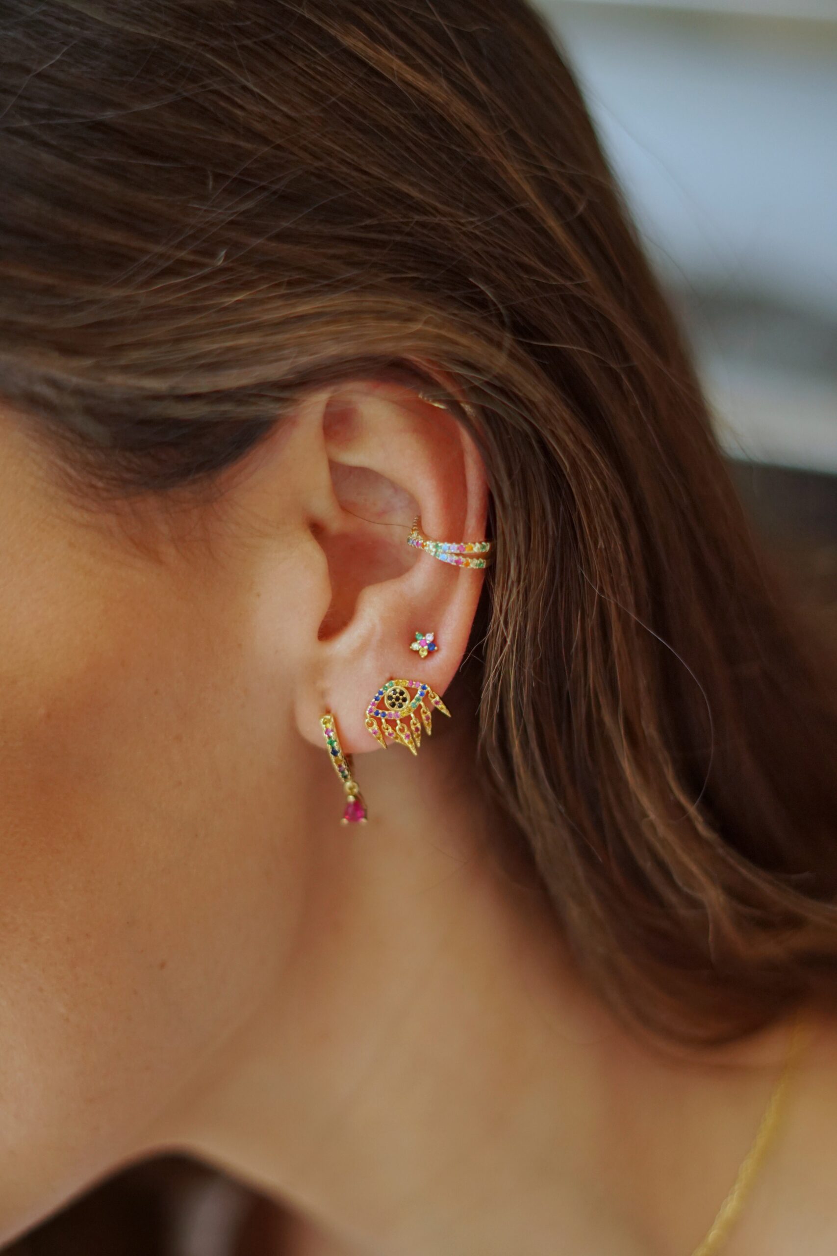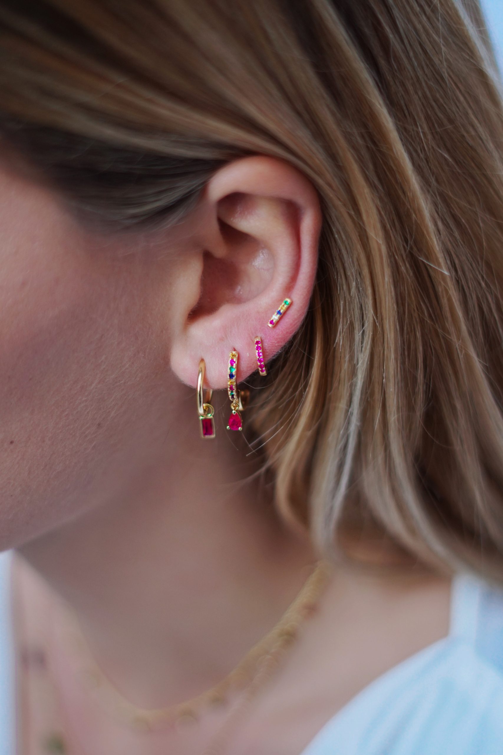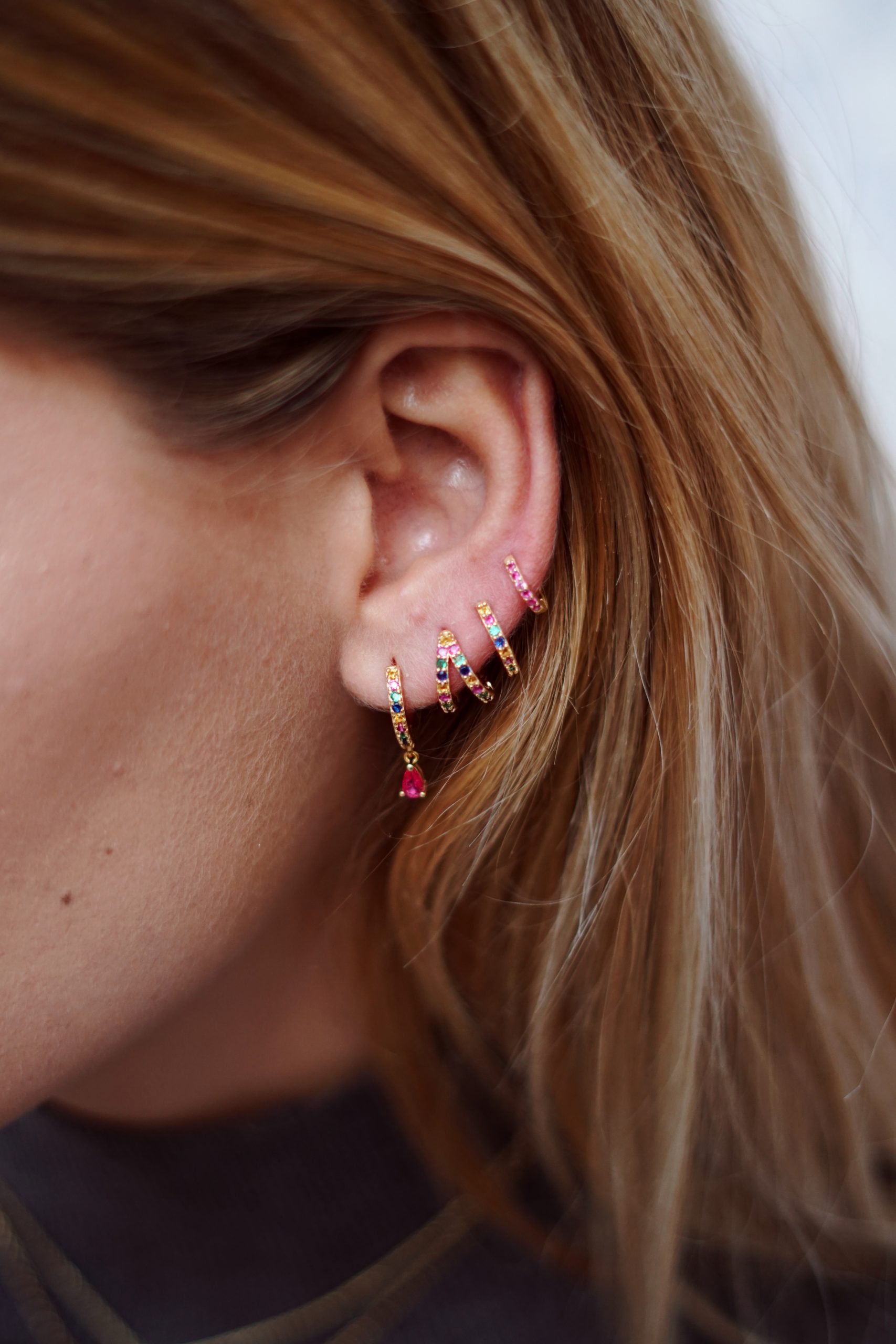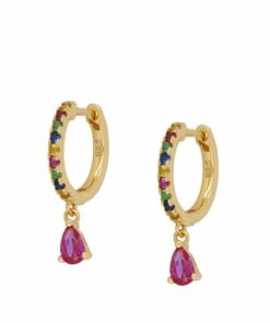Pendientes aros de circonitas multicolor en plata de ley chapados en oro con piedra rosa colgando
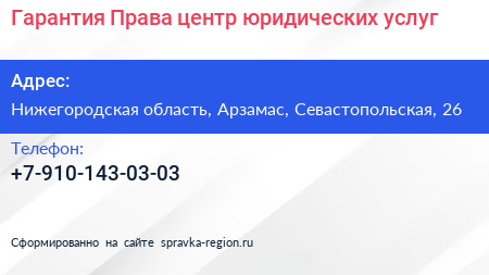 Гарантия Права, центр юридических услуг по адресу Нижегородская область, Арзамас, Севастопольская, 26 в дальнейшем Организация, размещена в следующих категориях:
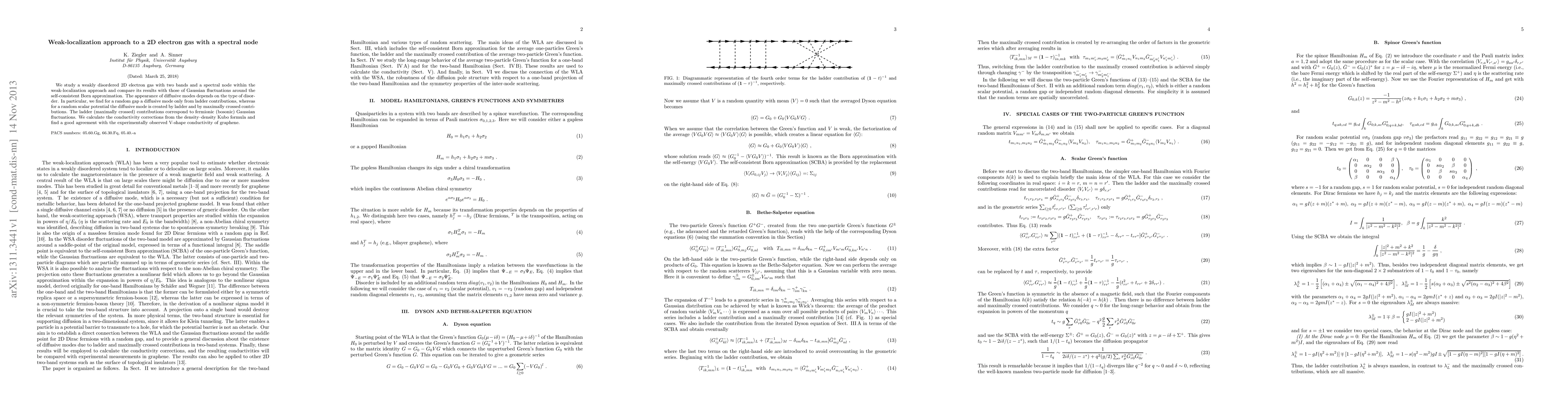 We study a weakly disordered 2D electron gas with two bands and a spectral node within the weak-localization approach and compare its results with those of Gaussian fluctuations around the self-consistent Born approximation. The appearance of diffusive modes depends on the type of disorder. In particular, we find for a random gap a diffusive mode only from ladder contributions, whereas for a random scalar potential the diffusive mode is created by ladder and by maximally crossed contributions. The ladder (maximally crossed) contributions correspond to fermionic (bosonic) Gaussian fluctuations. We calculate the conductivity corrections from the density--density Kubo formula and find a good agreement with the experimentally observed V-shape conductivity of graphene.

◆ Assigned task: When you retype the material above, copy each line exactly and drop whatever images appear in it.

◆ Output of the task:
Pendientes aros de circonitas multicolor en plata de ley chapados en oro con piedra rosa colgando
 Гарантия Права, центр юридических услуг по адресу Нижегородская область, Арзамас, Севастопольская, 26 в дальнейшем Организация, размещена в следующих категориях:
 We study a weakly disordered 2D electron gas with two bands and a spectral node within the weak-localization approach and compare its results with those of Gaussian fluctuations around the self-consistent Born approximation. The appearance of diffusive modes depends on the type of disorder. In particular, we find for a random gap a diffusive mode only from ladder contributions, whereas for a random scalar potential the diffusive mode is created by ladder and by maximally crossed contributions. The ladder (maximally crossed) contributions correspond to fermionic (bosonic) Gaussian fluctuations. We calculate the conductivity corrections from the density--density Kubo formula and find a good agreement with the experimentally observed V-shape conductivity of graphene.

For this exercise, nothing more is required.